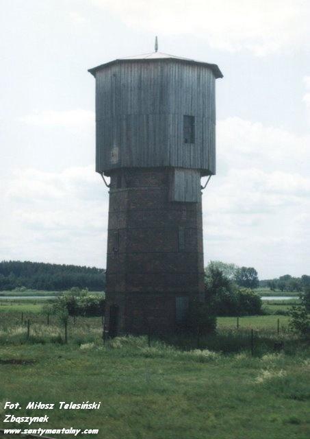 Wieża wodna w widoku orientacyjnym: Mrągowo/Czerwonka, kiedyś Pisz < > Ełk, kiedyś Giżycko. Zdjęcie z okna wagonu.
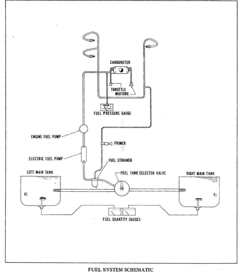 Flows: Main tanks ➡️ Fuel Selector ➡️ Electric Fuel Pump ➡️ Engine Fuel Pump ➡️ Carburetor
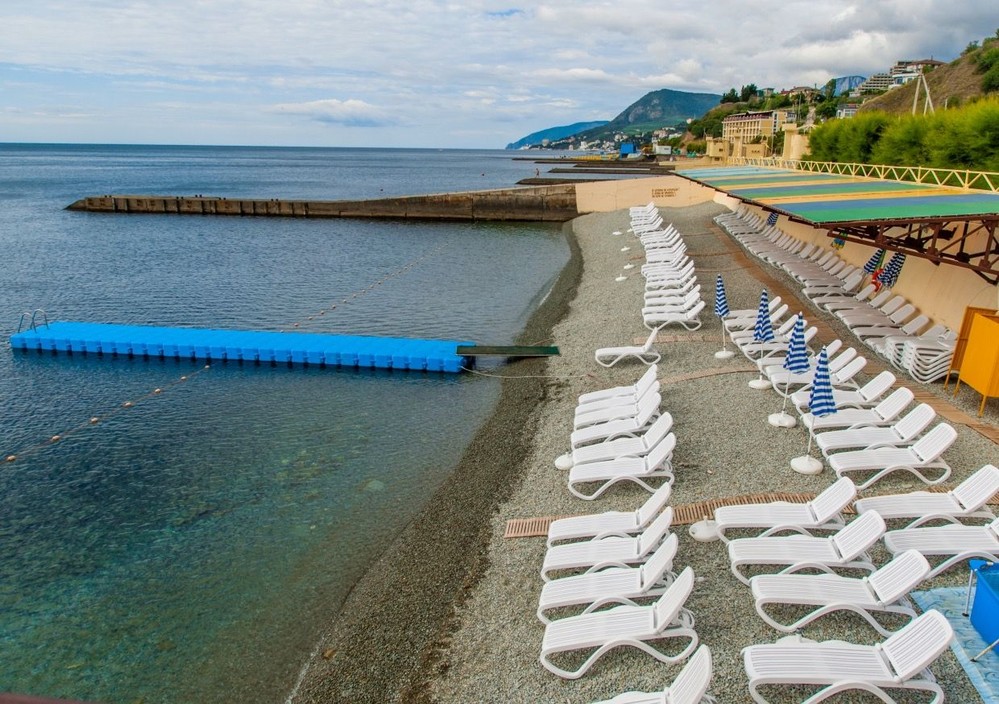на берегу Чёрного моря, на закрытой и охраняемой территории 2,5 га парковой зоны на базе современного комплекса КК "Golden (Голден)" 3* г. Алушта.
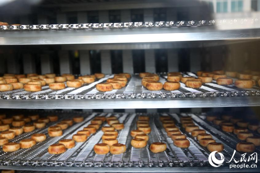 After going through a cooling process, freshly baked chicken floss cakes are transported through the conveyor belt for packaging. (People’s Daily Online/Li Changqian)
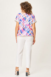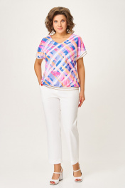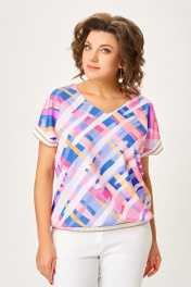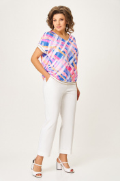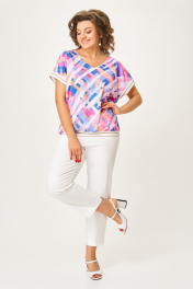Блузка из мягкой вискозной ткани свободного силуэта со спущенной линией плеча. Полочка цельная, спинка с центральным швом. Горловина V-образной формы. Низ блузки и низ цельнокроенного рукава обработаны декоративным трикотажным довязом. Длина блузки по центру спинки – 61 (+-1) см. Длина плечевого шва – 29 (+-1) см.
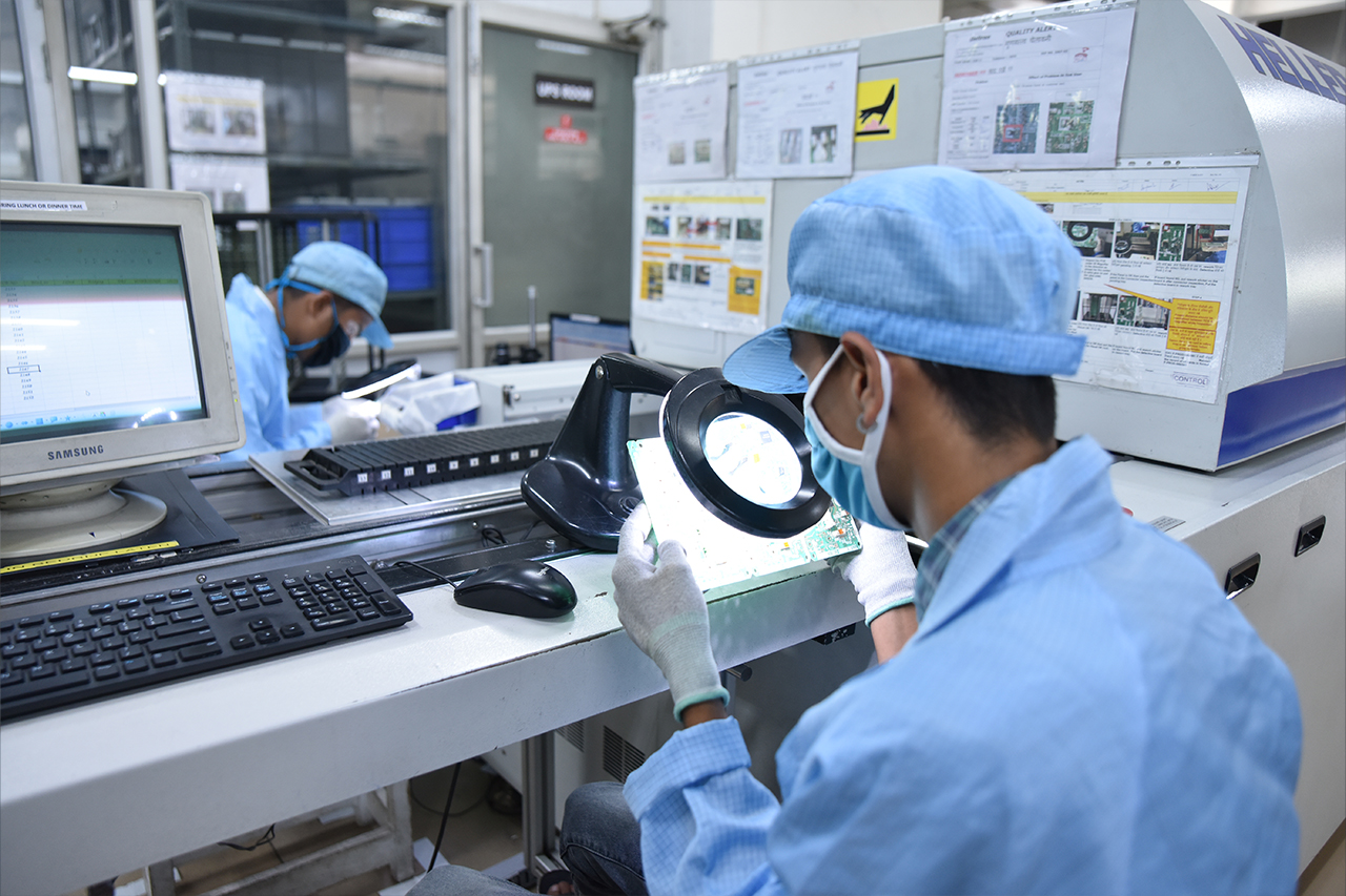 We offer printed circuit board (PCB) assembly services, starting from prototyping, new product launches to regular production ramp ups, out of different production sites. Our facilities have several SMT lines. We produce boards in varied sizes using various types of substrate boards. In addition, we offer wave soldering, conformal (manual/automatic) coating with multi-nozzle spray, UV check chamber, and solder paste inspection.
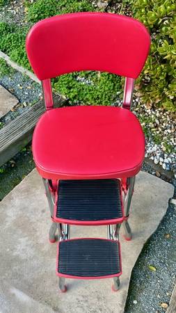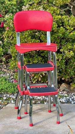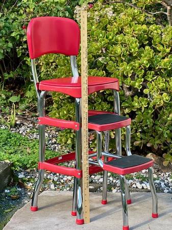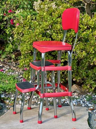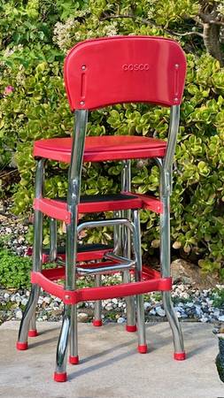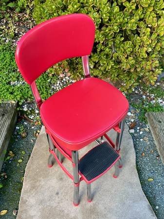 Used but well-kept, this Retro COSCO Chrome and Red Vinyl Stool w/Pull-out Steps is about 35" H x 16" W x 16" D, 23” D w/steps; the seat is about 25” H. It has a four-legged chrome base with an interior double-foot stool attached. The seat and back are upholstered in red vinyl over foam padding. It has vibrant red accents in its metal frame bracing, the pull-out step guide, and leg tips on both stool and step legs. It’s a blend of nostalgic design and practical functionality. Its sturdy construction and ease of conversion make not just a comfortable stool but also a reliable step stool. Its compact size and its utility make it suitable for kitchens, apartments, and the like. It’s available for local pick-up in San Rafael, cash, Venmo, or PayPal.
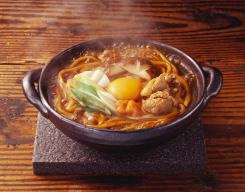 少し細めのおうどんは、煮込むことでみそがしっかりしみ込み、
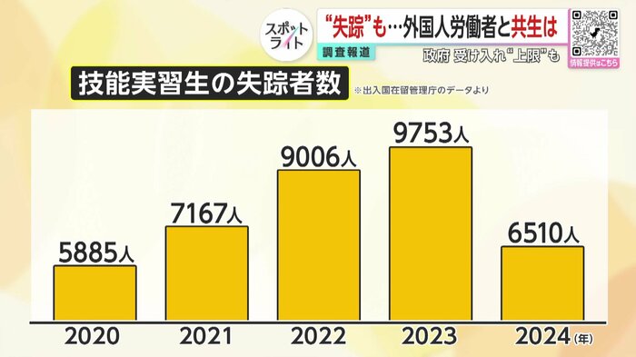 深刻な人手不足を補うため、2024年に過去最多の230万人を超えた外国人労働者。しかし、技能実習生では、年間で6000人から1万人近くが失踪したというデータもある。
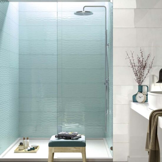 Cladding bathroom walls with colours and textures inspired by traditional majolica ware
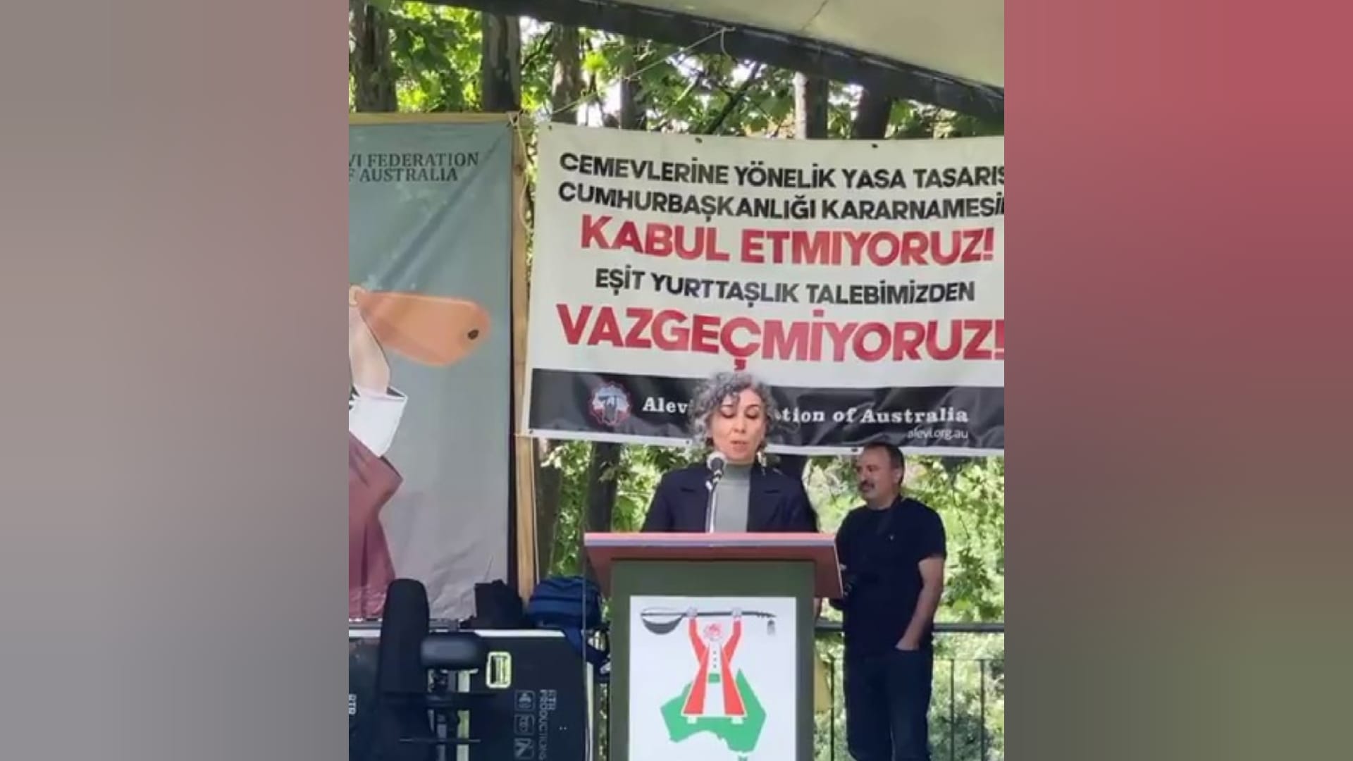 Alevilere, Kürtlere, Ermenilere, kadınlara, LGBTI+lara uygulanan şiddet ve hak ihlalleri için toplumsal dayanışmayı her alanda genişletilmediğinde kurtuluşlarının olmadığını söyleyen Avustralya Alevi Bektaşi Federasyonu Başkanı Suzan Saka, “Türkiye’de yaşayan Aleviler yoluna ve ulularına sahip çıkmalı, sinsice yapılan her türlü manevraya karşı uyanık olmalı. Alevi inancını Alevilerden başka kimse tanımlayamaz. Aleviler, daracığında can veren Pir Sultan’ı, En-el Hakk diyen Hallac-ı Mansur’un evlatlarıdır. Kendisine dayatılan torba yasasında Aleviliği bir kültür olarak tanımlayan ibarenin aslında bir oyundan başka bir şey olmadığını, inancımızın sadece bir kültürden ibaret olmadığını ve devlet inancı olmadığını hiç unutmamalıyız” dedi.

────────────────────────────────────────

EXERCISE GOAL:
A faithful transcription of the material, with no pictures, is the expected result.

ANSWER BOX:
 Wieża wodna w widoku orientacyjnym: Mrągowo/Czerwonka, kiedyś Pisz < > Ełk, kiedyś Giżycko. Zdjęcie z okna wagonu.
 Flows: Main tanks ➡️ Fuel Selector ➡️ Electric Fuel Pump ➡️ Engine Fuel Pump ➡️ Carburetor
на берегу Чёрного моря, на закрытой и охраняемой территории 2,5 га парковой зоны на базе современного комплекса КК "Golden (Голден)" 3* г. Алушта.
 After going through a cooling process, freshly baked chicken floss cakes are transported through the conveyor belt for packaging. (People’s Daily Online/Li Changqian)
Блузка из мягкой вискозной ткани свободного силуэта со спущенной линией плеча. Полочка цельная, спинка с центральным швом. Горловина V-образной формы. Низ блузки и низ цельнокроенного рукава обработаны декоративным трикотажным довязом. Длина блузки по центру спинки – 61 (+-1) см. Длина плечевого шва – 29 (+-1) см.
 We offer printed circuit board (PCB) assembly services, starting from prototyping, new product launches to regular production ramp ups, out of different production sites. Our facilities have several SMT lines. We produce boards in varied sizes using various types of substrate boards. In addition, we offer wave soldering, conformal (manual/automatic) coating with multi-nozzle spray, UV check chamber, and solder paste inspection.
 Used but well-kept, this Retro COSCO Chrome and Red Vinyl Stool w/Pull-out Steps is about 35" H x 16" W x 16" D, 23” D w/steps; the seat is about 25” H. It has a four-legged chrome base with an interior double-foot stool attached. The seat and back are upholstered in red vinyl over foam padding. It has vibrant red accents in its metal frame bracing, the pull-out step guide, and leg tips on both stool and step legs. It’s a blend of nostalgic design and practical functionality. Its sturdy construction and ease of conversion make not just a comfortable stool but also a reliable step stool. Its compact size and its utility make it suitable for kitchens, apartments, and the like. It’s available for local pick-up in San Rafael, cash, Venmo, or PayPal.
 少し細めのおうどんは、煮込むことでみそがしっかりしみ込み、
 深刻な人手不足を補うため、2024年に過去最多の230万人を超えた外国人労働者。しかし、技能実習生では、年間で6000人から1万人近くが失踪したというデータもある。
 Cladding bathroom walls with colours and textures inspired by traditional majolica ware
 Alevilere, Kürtlere, Ermenilere, kadınlara, LGBTI+lara uygulanan şiddet ve hak ihlalleri için toplumsal dayanışmayı her alanda genişletilmediğinde kurtuluşlarının olmadığını söyleyen Avustralya Alevi Bektaşi Federasyonu Başkanı Suzan Saka, “Türkiye’de yaşayan Aleviler yoluna ve ulularına sahip çıkmalı, sinsice yapılan her türlü manevraya karşı uyanık olmalı. Alevi inancını Alevilerden başka kimse tanımlayamaz. Aleviler, daracığında can veren Pir Sultan’ı, En-el Hakk diyen Hallac-ı Mansur’un evlatlarıdır. Kendisine dayatılan torba yasasında Aleviliği bir kültür olarak tanımlayan ibarenin aslında bir oyundan başka bir şey olmadığını, inancımızın sadece bir kültürden ibaret olmadığını ve devlet inancı olmadığını hiç unutmamalıyız” dedi.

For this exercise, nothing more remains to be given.